I LEFT a modest and ultimately successful bid for a Perth item in the July 26 sale at Spink’s in London. It would be repeating an earlier column if I showed it here, so illustrated from the same auction is an unusual survivor from the Boer War.
Sold by order of a direct descendant was an exceptionally rare and emotive Queen Victoria scarf and related awards bestowed upon Lieutenant-Colonel W. T. Colclough, of the Devonshire Regiment.
Eight crocheted, woollen scarves were worked in the last months of her life by Queen Victoria and powerfully demonstrate the affection that she retained for the soldiers of her armies.
At the time of the outbreak of the second South African War in 1899, Victoria had been queen for 62 years, and while initial British military setbacks in the first weeks of the war may have surprised her, they did not dent her faith in her soldiers: “We are not interested in the possibilities of defeat,” she is said to have remarked: “They do not exist.”

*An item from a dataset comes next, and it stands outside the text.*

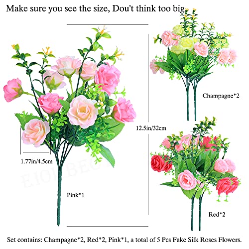 EIOKBECY - Artificial Roses Flowers,Fake Silk Flowers Blooming Rose Bridal Bouqets For Wedding Home Birthday Party Arrangment Garden Decoration, 5 Pcs

The Queen crocheted the scarves in her closing days, her eyesight weakening and her fingers fumbling with the crochet-hook. That she was even-handed in specifying their distribution – equally to British and Colonial troops – represented her appreciation of her soldiers’ efforts, no matter what their origin.
Four were given to soldiers of the Colonial forces and three of these are in the war museums of Australia, Canada and New Zealand. The location of the fourth is unknown.

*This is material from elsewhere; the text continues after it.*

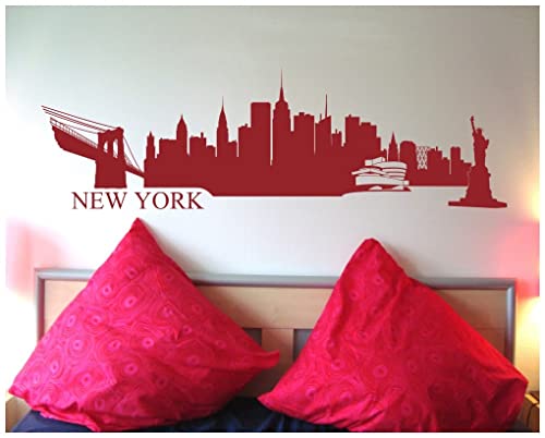 INDIGOS UG WANDTATTOO/Wandsticker w402 Skyline New York Wandaufkleber einfarbig Farbwahl 48 Farben, 120x104 cm

Four were awarded to soldiers of the 2nd Brigade, 1st Division, of the British Army. Two may have been destroyed in a fire at the Surrey Infantry Museum in 2015, and the location of one is unknown.
The example offered by Spink’s was the only scarf known to survive in private hands.
Of light khaki wool, crocheted in a variant of the ‘ball pattern,’ approximately 8½ inches wide and 64 inches long, including four inches of woollen fringe at either end, the scarf had the Imperial Cypher ‘VRI’ embroidered in white silk, above which was sewn a cap badge of The Devonshire Regiment.
Expertly pitched by Spink’s at £8000-£12,000, and sold with various medals, honours and a quantity of supporting documentation, the scarf sold for £13,000.